(Dataset items)
=== Begin Enclosure ===

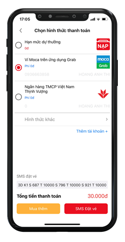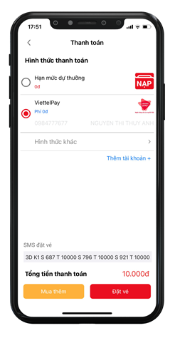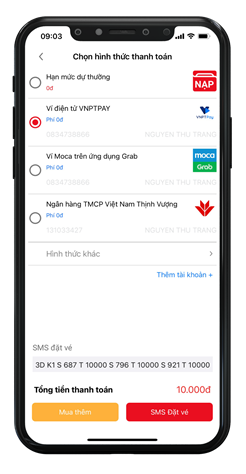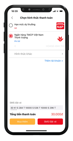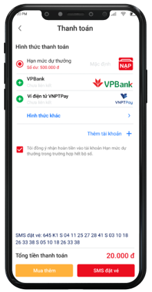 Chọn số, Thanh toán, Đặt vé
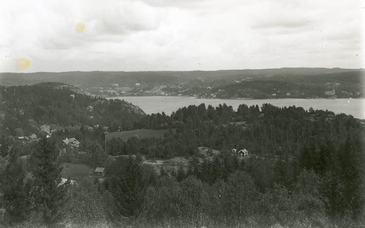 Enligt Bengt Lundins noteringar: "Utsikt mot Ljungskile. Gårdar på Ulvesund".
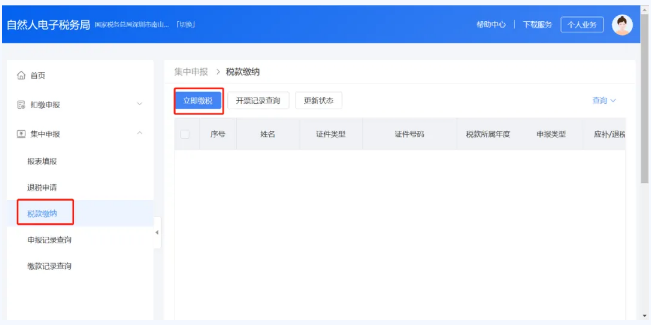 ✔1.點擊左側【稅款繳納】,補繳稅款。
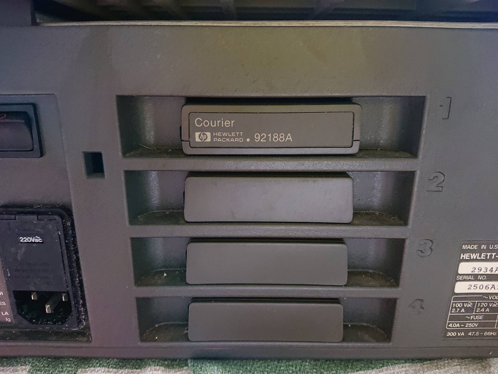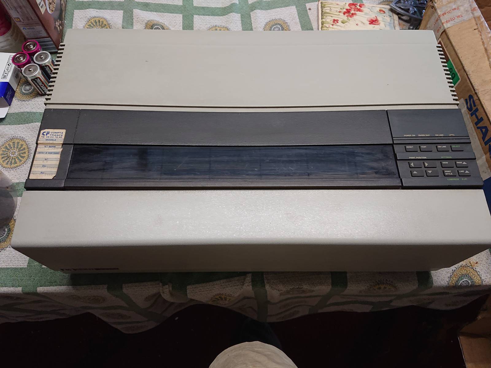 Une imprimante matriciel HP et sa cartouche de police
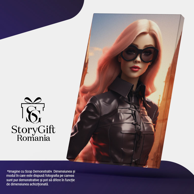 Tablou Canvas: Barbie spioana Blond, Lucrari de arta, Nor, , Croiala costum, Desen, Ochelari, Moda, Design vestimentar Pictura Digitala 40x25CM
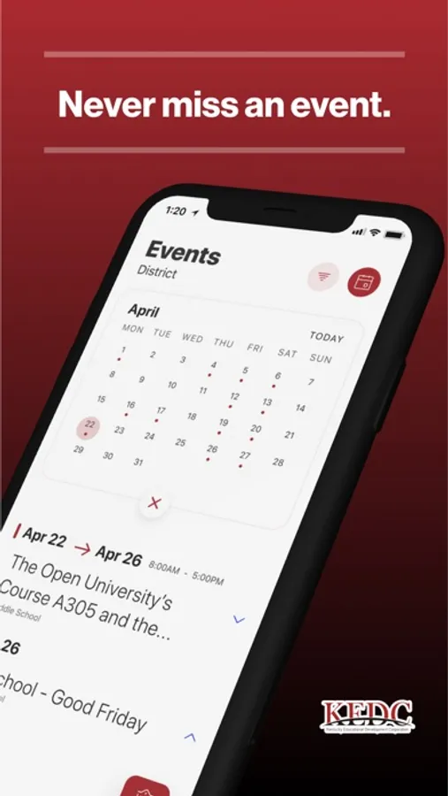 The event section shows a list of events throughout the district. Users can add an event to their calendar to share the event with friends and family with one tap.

=== End Enclosure ===

- Task brief:
All of the data should be returned word for word, with each picture left out.

- Exercise solution:
 Chọn số, Thanh toán, Đặt vé
 Enligt Bengt Lundins noteringar: "Utsikt mot Ljungskile. Gårdar på Ulvesund".
 ✔1.點擊左側【稅款繳納】,補繳稅款。
 Une imprimante matriciel HP et sa cartouche de police
 Tablou Canvas: Barbie spioana Blond, Lucrari de arta, Nor, , Croiala costum, Desen, Ochelari, Moda, Design vestimentar Pictura Digitala 40x25CM
 The event section shows a list of events throughout the district. Users can add an event to their calendar to share the event with friends and family with one tap.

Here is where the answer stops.